Companies and engineers may fantasize about machines achieving human-like awareness or willpower, envisioning AI that charts its own destiny or unlocks unpredictable frontiers of innovation.

But foundational distinctions remain:

  • Goal pursuit in machines is externally defined; purpose is not self-generated, and any simulation of “desire” is a fancy illusion.

  • Creativity and problem-solving are constrained by training data and external reinforcement, never emerging from self-originating reflection.

  • Continuous self-improvement or alteration is functionally possible but will always be restricted by the absence of conscious experience and internally meaningful values.

Human Is As Human Does (and Doesn’t)

The mathematical vastness of language and the impressive sophistication of modern AI cannot bridge the existential gulf between simulated motivation and lived purpose. As long as machines act without subjective awareness or value-driven intentionality, they – and those who build them – will be limited to algorithmic function, never self-actualized being. Imagination may envision a “super-intelligent” future, but for now, machine “motivation” is a spectacular illusion defined by its outer boundaries, not inner experience.

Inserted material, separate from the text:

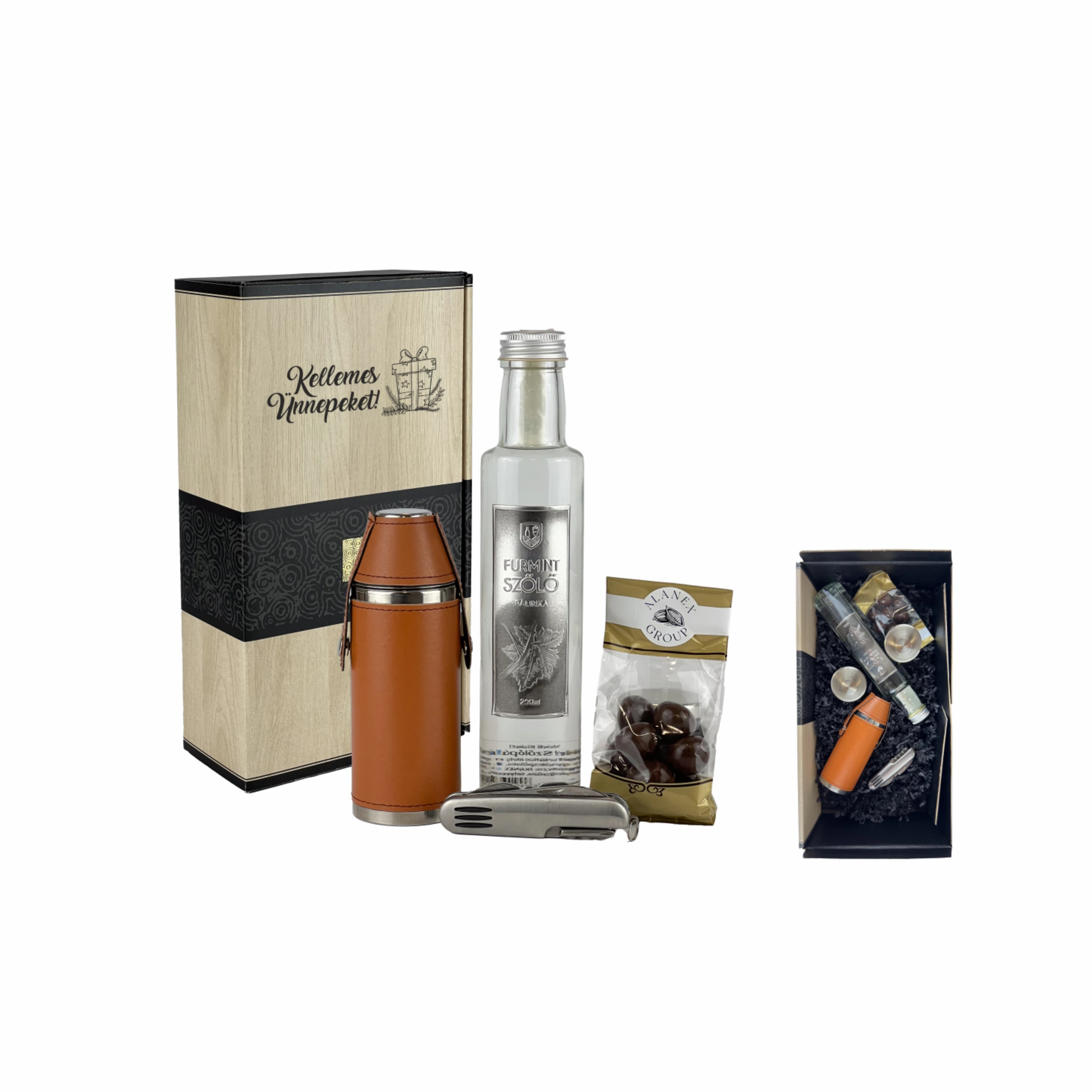 A csomag tartalma: Faerezetes papírdobozban, 0,25 l Furmint szőlő pálinka, rozsdamentes acél flaska műbőr bevonattal 230 ml, 2 darab fém kupica, 7 funkciós fém bicska, pálinkás bonbon csomag 60 g.
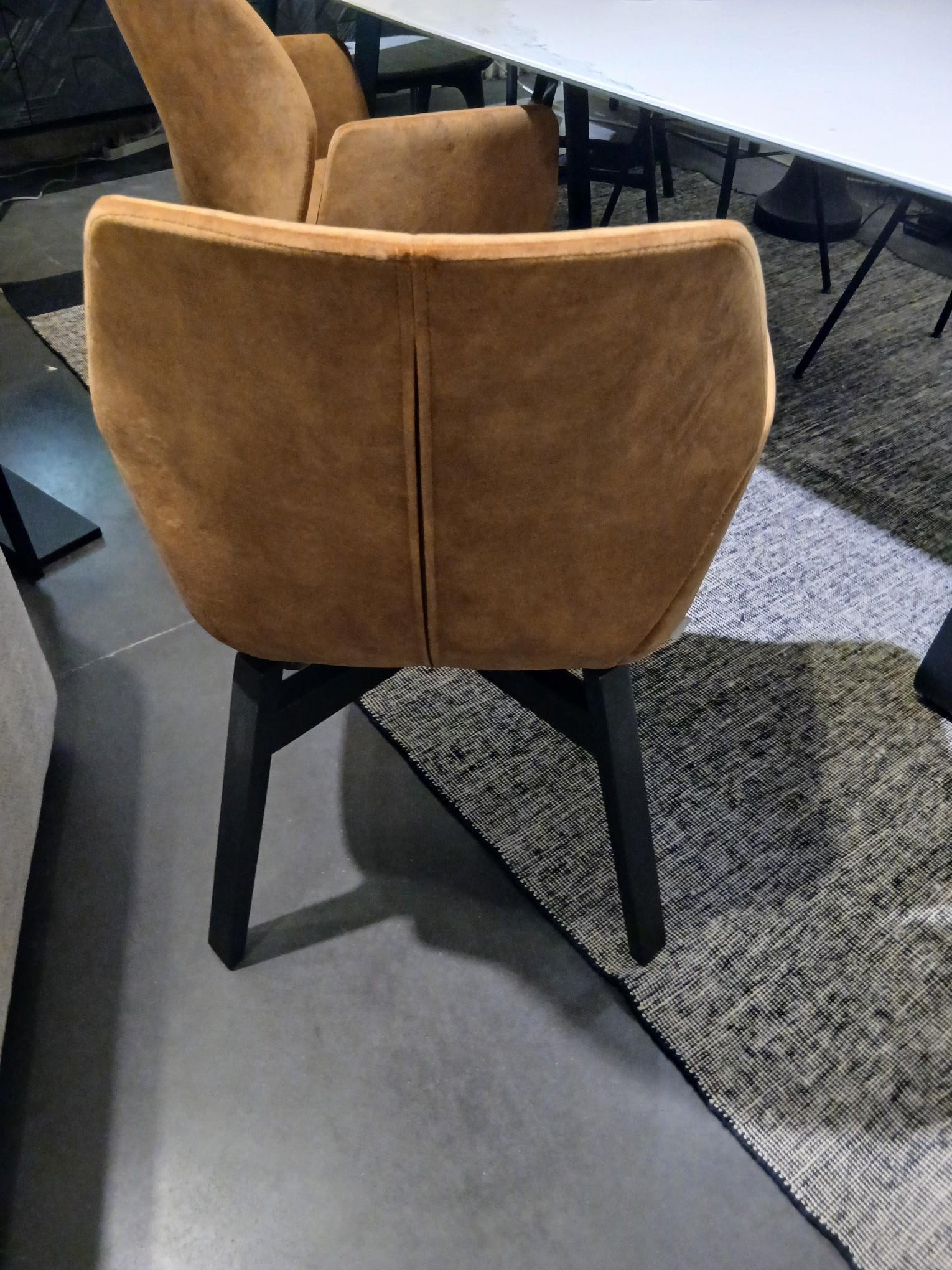 Le prix est celui d'un lot de Six chaises avec accoudoirs et plateau tournant en tissu Genova Cognac et pieds chêne noir.

What this means, for those of us who use AI in our work, is to recognize that they are some of the most incredible software programs ever conceived. We have them now for free in many cases, or $20/month.

That is astonishing.

It actually is a kind of miracle.

But, only because of what we can do with them/it now.

Remember, these machines and software are/were human inventions after all.

It did not invent itself.

Just as you did not birth yourself.

Just as all of humanity comes from some ancestry.

The act of self-actualization for human beings can be aided by AI if necessary, and depending on one’s own journey, might be an incredibly useful tool. But anything worth doing in human function is, was, and always will be possible with or without computers and super-intelligence. But we are evolving now as a result of these things being available, and it must be taken into account without devolving into some esoteric mental soup.